On October 2, 2019, the UK Court of Appeal unanimously overturned a block on a “class-action” lawsuit (technically a “collective action”) brought by a veteran on behalf of millions iPhone users against  Google for the latter’s use of “Safari Workaround” . Now the case can be heard.

The lawsuit alleges that Google secretly tracked some of the users’ internet activity, for commercial purposes, between  August 9, 2011 and  February 15, 2012. Last year,  the British High Court of Justice had blocked the class action by refusing permission to serve proceedings on Google. See here for more.
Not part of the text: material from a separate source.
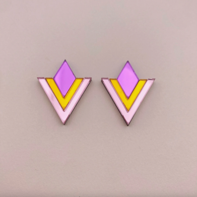 • Brincos triangulares com camadas lilás, amarelo e rosa

The Court of Appeal had decide whether the High Court of Justice was “right to hold that a claimant cannot recover uniform per capita damages for infringement of their data protection rights under section 13 [of the Data Protection Act 1998, DPA] [1] without proving pecuniary loss or distress”.

The Court rejects Google’s argument that an injury in fact is required for the lawsuit to proceed.  The Court refers to Vidal-Hall v. Google Inc [2015] EWCA Civ 311, to make the point that terms coming from EU “an autonomous meaning which will not necessarily accord with their interpretation in domestic law” Decision at 40. Interpreting Article 13 DPA, the Court needs to refer to Article 23 of Directive 46/1995 (“Directive”) of which Section 13 DPA is the implementation.  Also, both Section 13 DPA and Article 23 Directive must be “on the basis that they were giving effect to one aspect of article 8 of the Convention [ European Convention for the Protection of Human Rights and Fundamental Freedoms [2] and… to article 8 of the Charter [of the Charter of Fundamental Rights of the European Union 2012/C 326/02)” [3]

Article 13 Directive reads: “Member States shall provide that any person who has suffered damage as a result of an unlawful processing operation or of any act incompatible with the national provisions adopted pursuant to this Directive is entitled to receive compensation from the controller for the damage suffered”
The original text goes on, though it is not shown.